Anshul Srivastav, CTO, Proton Insurance


8. Define the key pillars of the CX maturity model data

  • Governance – Ensure your company data is sufficiently protected and that policies and procedures are in place for data privacy and security.

  • Strategy – the Customer Experience strategy must be clearly defined, including goals and objectives together with the definition of your CX vision and statement.

  • Culture – all these mechanisms need to be implanted through a strong culture. The internal stakeholder should know your expectations, what needs to be delivered, and how the maturity model moves from top to bottom.

  • Stage - Once you have defined your goals, you need to identify which step do you have to follow? Are you at the early phase to individually discipline? Are you at a maturity level, or are you at an advanced level?

  • Benchmark - There are many benchmarks available within the industry, and CX not be confined within a set of limitations. For example, a bank can easily compare itself with the hospitality industry.

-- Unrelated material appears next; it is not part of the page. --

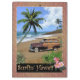 Beautiful retro style design, showing an oldtimer car with surfboard on the beach.
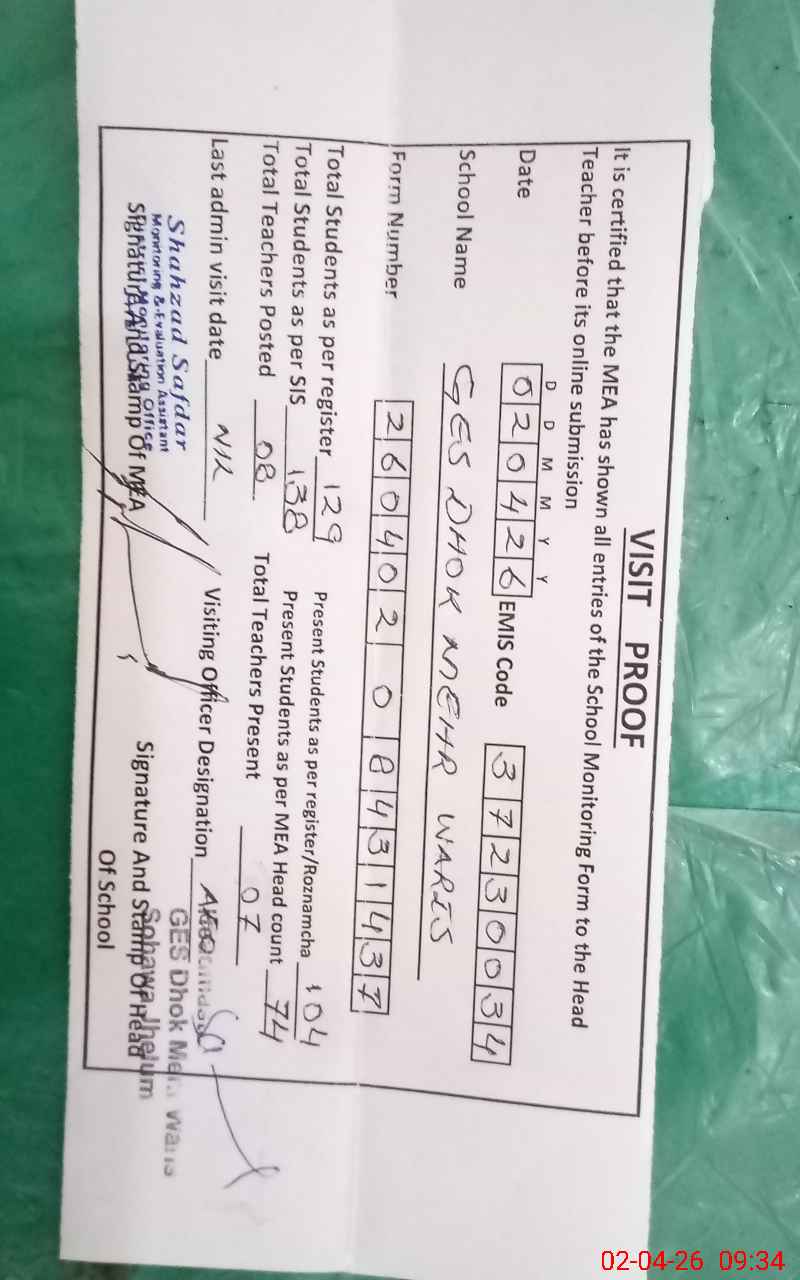 | EMIS Code: 37230034 | Name of School: GES DHOK MEHR WARIS | |||

  • Functions – your model should cover all divisions such as IT, finance, marketing, supply chain etc.

9. Big Data


Leading companies are transforming their communication channels and creating business value by designing agile and data-driven process flows, by leveraging specific data more accurately to attract and retain their elusive customers. The data can help generate a single, persistent view of your customer based on behaviour data, including transactional, demographic, psychographic, social group, purchasing behaviours, lifestyle, and other related data for CRM, loyalty schemes, and marketing automation.


10. Seamless Integration


Customer experience can be elevated by leveraging structured data, data mining and AI, thus fixing the information gaps by searching holistically through the customer’s interactions, interpretations, and influences. The holistic model embraces data capture from all touchpoints - the web, contact centre, physical location, mobile, and other customer touchpoints, which lead to a de-siloed view by generating actionable insights for employees, partners, and other stakeholders to analyse and leverage for decision making.